LONDON (Dispatches) -- Thousands of demonstrators have marched on Parliament Square in London demanding the government take action to help Brits survive the worst cost of living crisis in more than 40 years.
Protesters travelled to the capital from around the UK, with hundreds of coaches booked to transport them. One said the march “seems to go on for miles”.
Banners reading “cut war not welfare” and “end fuel poverty, insulate homes now” were carried by some taking part in the march.
Saleyha Ahsan, an NHS doctor and representative from the Covid-19 Bereaved Families for Justice group, criticized the Government for not yet setting up an inquiry into the pandemic as she spoke to the crowds gathered at Parliament Square.
She also took aim the Government’s overall response, including the Partygate revelations, saying the social gatherings in Downing Street happened at the same time her father was ill in hospital.
“They threw up from too much booze, the rest of us prayed for our loved ones fighting to live, fighting to breathe,” she said.
A delegation from the National Union of Rail, Maritime and Transport Workers (RMT) carried a banner saying “defend rail”.

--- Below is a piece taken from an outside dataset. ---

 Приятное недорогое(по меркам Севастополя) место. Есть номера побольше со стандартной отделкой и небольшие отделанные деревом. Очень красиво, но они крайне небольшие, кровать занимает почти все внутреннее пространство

RMT has come under fire from the Tories as it was confirmed this morning that 40,000 union members will be walking off the job next week in what’s expected to be the biggest rail strike in modern history.
Tube and rail workers are striking for better pay and conditions after discussions with Network Rail, train operators and London Underground broke down.

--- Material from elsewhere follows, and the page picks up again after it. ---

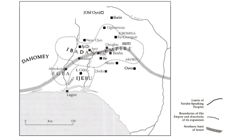 Religious Encounter and the Making of the Yoruba By John David Yeadon Peel pg 36-37. for a general overview of Ibadan’s political institutions during this period, see The Balogun in Yoruba land: The Changing Fortunes of a Military Institution by Oluwasegun Mufutau Jimoh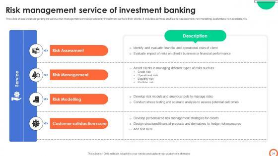 This slide shows details regarding the various risk management services provided by investment banks to their clients. It includes services such as risk assessment, risk modelling, customized risk solutions, etc. The Risk Management Service Of Investment Banking Understanding Investment Banking Framework Fin SS V is a compilation of the most recent design trends as a series of slides. It is suitable for any subject or industry presentation, containing attractive visuals and photo spots for businesses to clearly express their messages. This template contains a variety of slides for the user to input data, such as structures to contrast two elements, bullet points, and slides for written information. Slidegeeks is prepared to create an impression. This slide shows details regarding the various risk management services provided by investment banks to their clients. It includes services such as risk assessment, risk modelling, customized risk solutions, etc.

Teacher Nowrujee, 34, brought her three-year-old to the protest. She said: “It’s a no-brainer to be here today. We want more. It’s going to get worse and there’s no political consensus about what to do and the Labour party are weak. We care about people who are struggling.”
Crowds blew whistles and let off smoke guns as they marched, with chants including “the system’s broken, time to fight, workers of the world unite”.

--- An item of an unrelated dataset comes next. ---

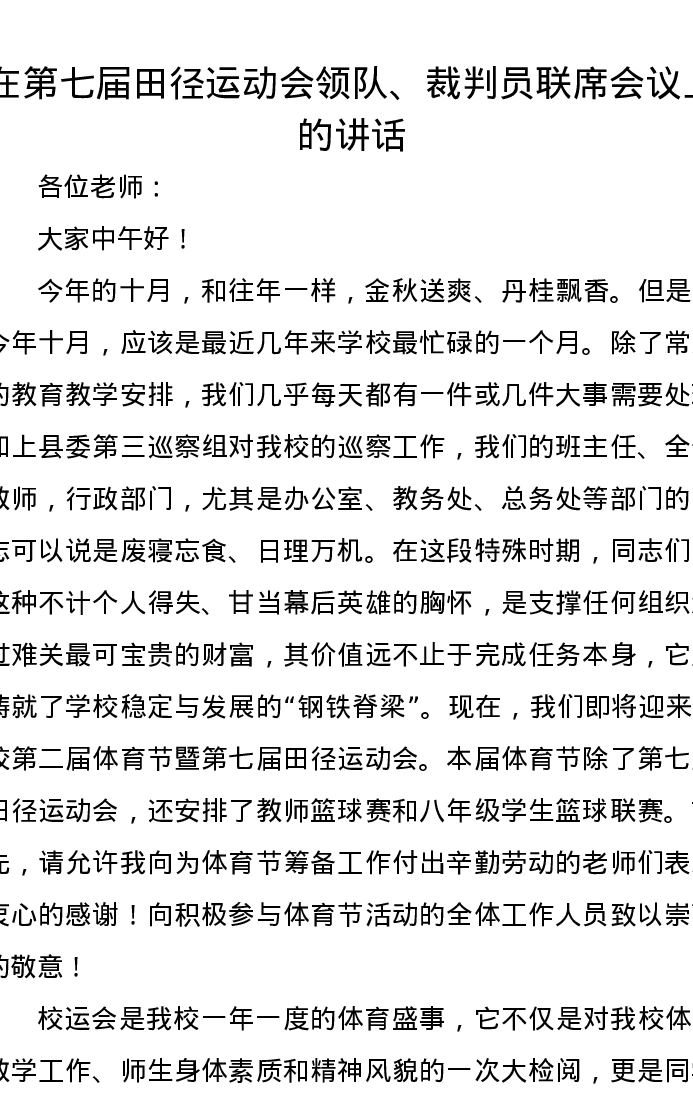 在第七届田径运动会领队、裁判员联席会议上的讲话

Protesters have also used the march to criticize the controversial Police and Crime Bill, which they fear could limit such demonstrations in future.
Signs and banners at the London event reading “Nurses not nukes”, “Don’t get angry, get active” and “Free Assange” could be seen.
In Ireland, thousands of people took part in protests across the country about the cost of living.
Trade unions, political parties and a number of other interest groups came together to organize the Cost of Living Coalition demonstrations in Dublin, Cork, Galway, Limerick and Sligo.
People from across the generations took part in the demonstrations and spoke of the pressures they face from rising prices.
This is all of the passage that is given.